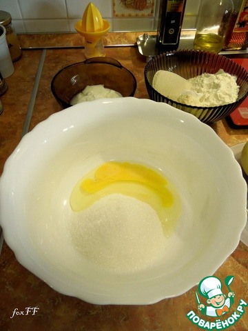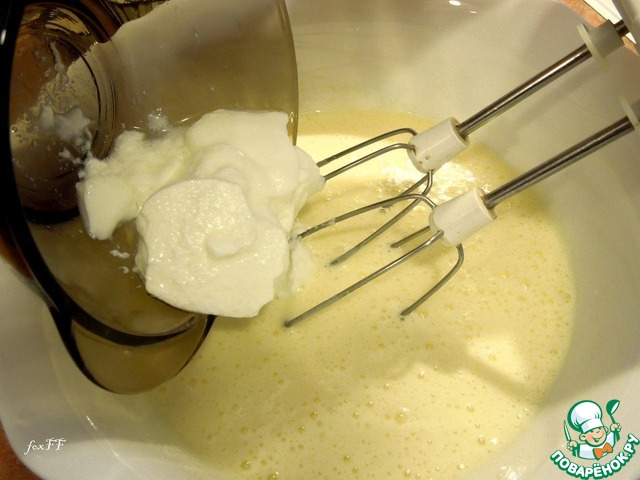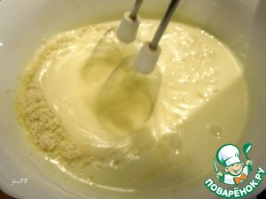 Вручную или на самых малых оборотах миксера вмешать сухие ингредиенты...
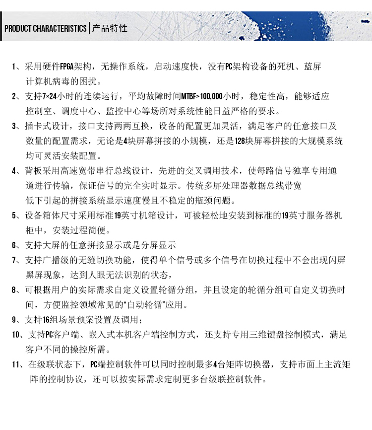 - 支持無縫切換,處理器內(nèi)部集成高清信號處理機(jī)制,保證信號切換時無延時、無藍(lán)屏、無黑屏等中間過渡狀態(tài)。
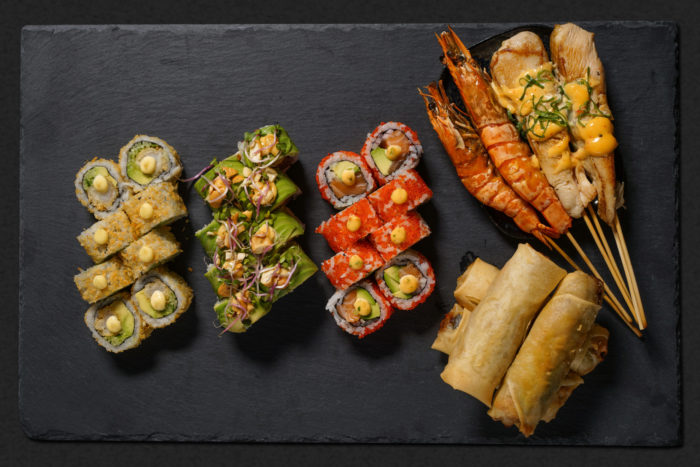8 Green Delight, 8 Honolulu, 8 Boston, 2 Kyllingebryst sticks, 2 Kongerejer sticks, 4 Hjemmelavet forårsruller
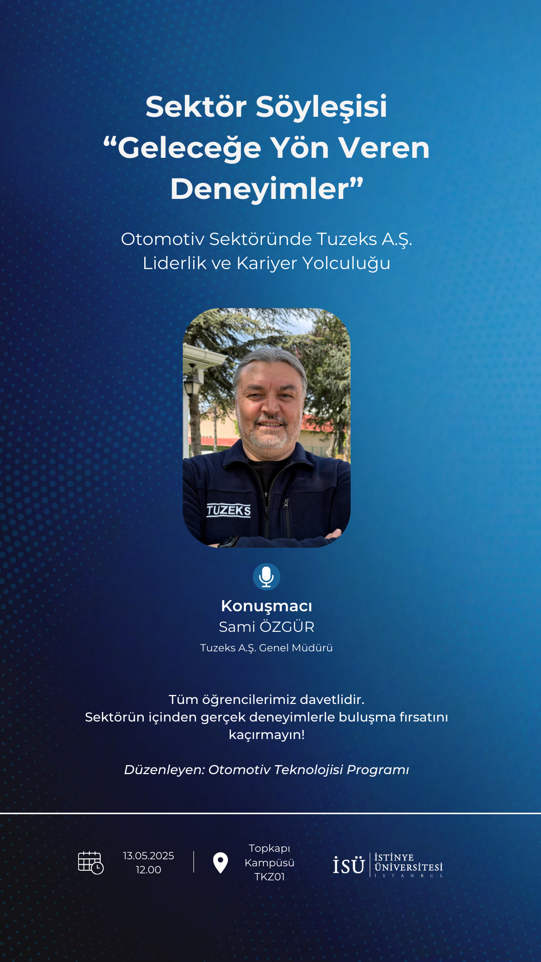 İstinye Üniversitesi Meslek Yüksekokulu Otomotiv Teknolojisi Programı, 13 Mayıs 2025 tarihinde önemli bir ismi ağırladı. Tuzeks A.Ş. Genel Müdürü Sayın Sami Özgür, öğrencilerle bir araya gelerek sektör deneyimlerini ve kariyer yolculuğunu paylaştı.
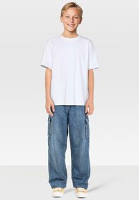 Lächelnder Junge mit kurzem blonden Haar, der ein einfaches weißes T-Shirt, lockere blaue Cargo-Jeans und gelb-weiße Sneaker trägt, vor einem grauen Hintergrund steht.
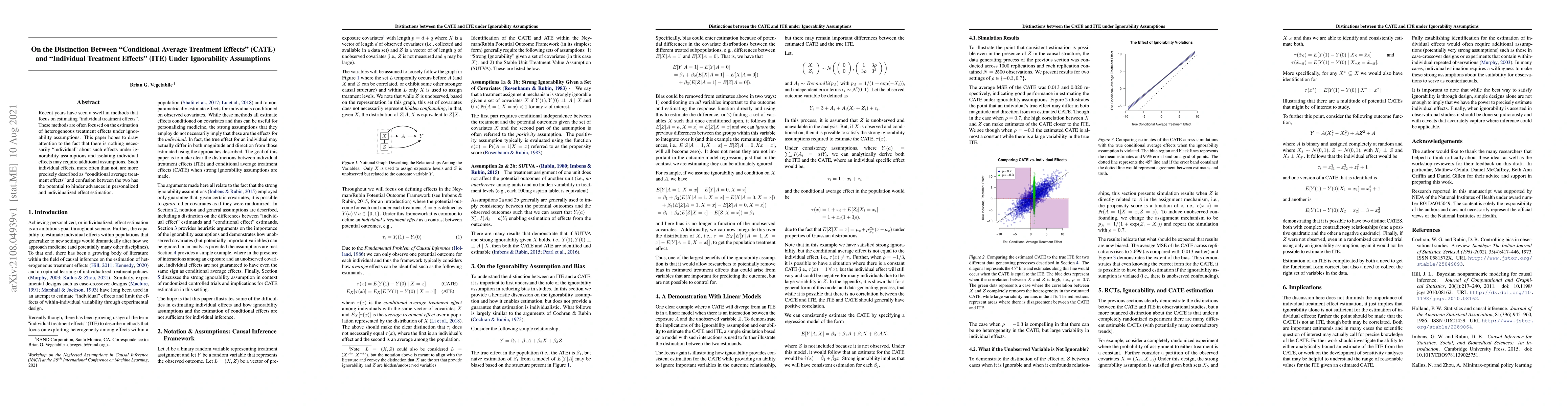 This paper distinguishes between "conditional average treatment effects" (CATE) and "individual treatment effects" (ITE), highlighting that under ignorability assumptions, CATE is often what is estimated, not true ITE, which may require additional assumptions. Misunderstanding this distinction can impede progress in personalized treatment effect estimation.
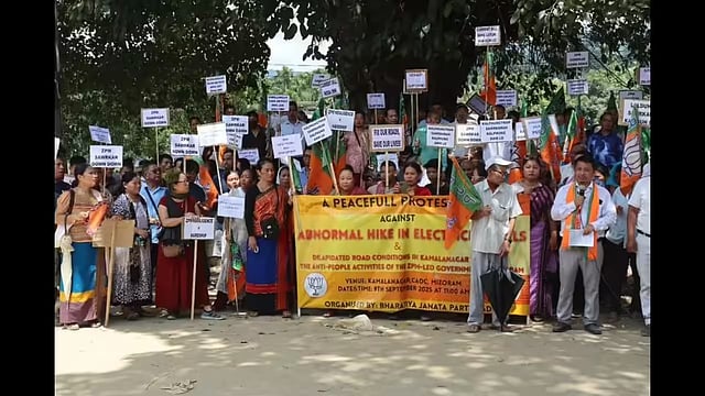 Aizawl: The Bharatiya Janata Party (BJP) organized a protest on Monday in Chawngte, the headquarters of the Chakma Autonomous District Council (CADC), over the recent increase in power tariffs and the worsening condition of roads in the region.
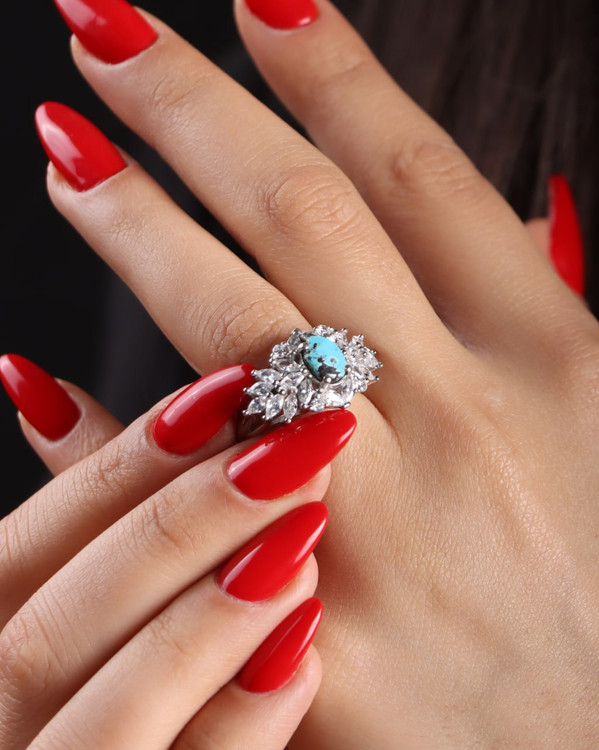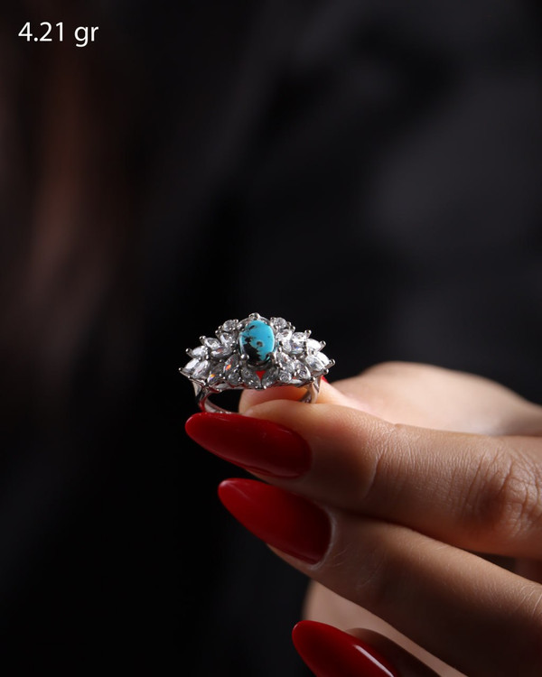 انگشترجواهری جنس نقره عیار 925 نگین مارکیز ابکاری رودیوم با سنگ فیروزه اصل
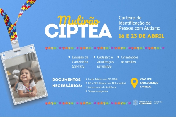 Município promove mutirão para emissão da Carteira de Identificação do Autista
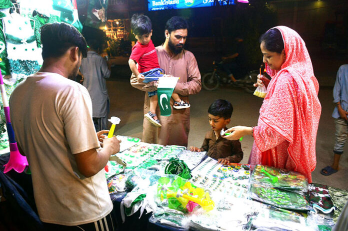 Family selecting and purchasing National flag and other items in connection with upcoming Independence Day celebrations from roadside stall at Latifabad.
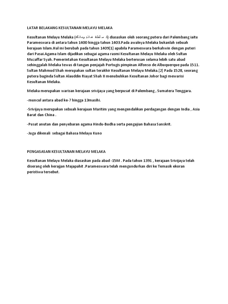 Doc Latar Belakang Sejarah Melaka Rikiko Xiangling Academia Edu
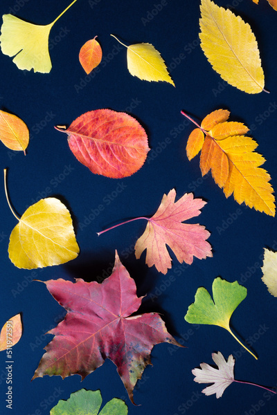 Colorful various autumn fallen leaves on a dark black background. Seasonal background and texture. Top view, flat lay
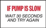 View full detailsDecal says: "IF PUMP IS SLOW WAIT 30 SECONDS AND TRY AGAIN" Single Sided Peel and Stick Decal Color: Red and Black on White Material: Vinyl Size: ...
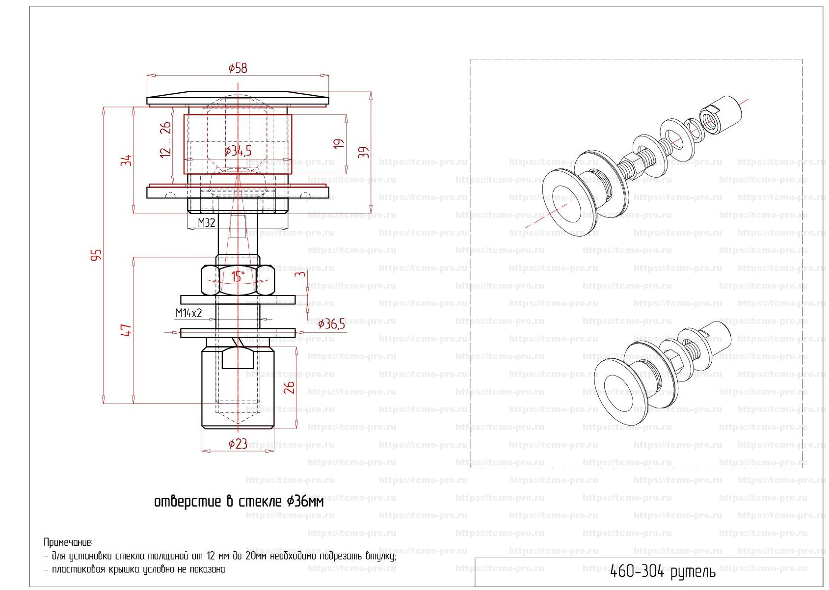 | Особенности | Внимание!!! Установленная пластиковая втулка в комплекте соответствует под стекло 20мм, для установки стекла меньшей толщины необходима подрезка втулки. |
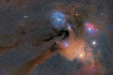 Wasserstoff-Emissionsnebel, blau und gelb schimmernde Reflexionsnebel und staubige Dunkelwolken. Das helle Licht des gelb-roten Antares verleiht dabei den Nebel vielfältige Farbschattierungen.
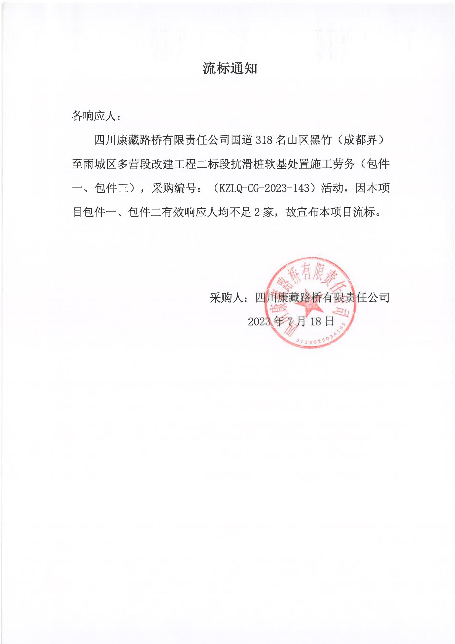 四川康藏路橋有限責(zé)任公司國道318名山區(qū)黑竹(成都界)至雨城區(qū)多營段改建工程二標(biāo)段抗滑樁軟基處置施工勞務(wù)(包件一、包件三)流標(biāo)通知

Exercise brief: All entries should be reproduced exactly; no picture belongs in the result.

Solution for this problem:
 Вручную или на самых малых оборотах миксера вмешать сухие ингредиенты...
 - 支持無縫切換,處理器內(nèi)部集成高清信號處理機(jī)制,保證信號切換時無延時、無藍(lán)屏、無黑屏等中間過渡狀態(tài)。
8 Green Delight, 8 Honolulu, 8 Boston, 2 Kyllingebryst sticks, 2 Kongerejer sticks, 4 Hjemmelavet forårsruller
 İstinye Üniversitesi Meslek Yüksekokulu Otomotiv Teknolojisi Programı, 13 Mayıs 2025 tarihinde önemli bir ismi ağırladı. Tuzeks A.Ş. Genel Müdürü Sayın Sami Özgür, öğrencilerle bir araya gelerek sektör deneyimlerini ve kariyer yolculuğunu paylaştı.
 Lächelnder Junge mit kurzem blonden Haar, der ein einfaches weißes T-Shirt, lockere blaue Cargo-Jeans und gelb-weiße Sneaker trägt, vor einem grauen Hintergrund steht.
 This paper distinguishes between "conditional average treatment effects" (CATE) and "individual treatment effects" (ITE), highlighting that under ignorability assumptions, CATE is often what is estimated, not true ITE, which may require additional assumptions. Misunderstanding this distinction can impede progress in personalized treatment effect estimation.
 Aizawl: The Bharatiya Janata Party (BJP) organized a protest on Monday in Chawngte, the headquarters of the Chakma Autonomous District Council (CADC), over the recent increase in power tariffs and the worsening condition of roads in the region.
 انگشترجواهری جنس نقره عیار 925 نگین مارکیز ابکاری رودیوم با سنگ فیروزه اصل
 Município promove mutirão para emissão da Carteira de Identificação do Autista
 Family selecting and purchasing National flag and other items in connection with upcoming Independence Day celebrations from roadside stall at Latifabad.
 Doc Latar Belakang Sejarah Melaka Rikiko Xiangling Academia Edu
 Colorful various autumn fallen leaves on a dark black background. Seasonal background and texture. Top view, flat lay
 View full detailsDecal says: "IF PUMP IS SLOW WAIT 30 SECONDS AND TRY AGAIN" Single Sided Peel and Stick Decal Color: Red and Black on White Material: Vinyl Size: ...
 | Особенности | Внимание!!! Установленная пластиковая втулка в комплекте соответствует под стекло 20мм, для установки стекла меньшей толщины необходима подрезка втулки. |
 Wasserstoff-Emissionsnebel, blau und gelb schimmernde Reflexionsnebel und staubige Dunkelwolken. Das helle Licht des gelb-roten Antares verleiht dabei den Nebel vielfältige Farbschattierungen.
 四川康藏路橋有限責(zé)任公司國道318名山區(qū)黑竹(成都界)至雨城區(qū)多營段改建工程二標(biāo)段抗滑樁軟基處置施工勞務(wù)(包件一、包件三)流標(biāo)通知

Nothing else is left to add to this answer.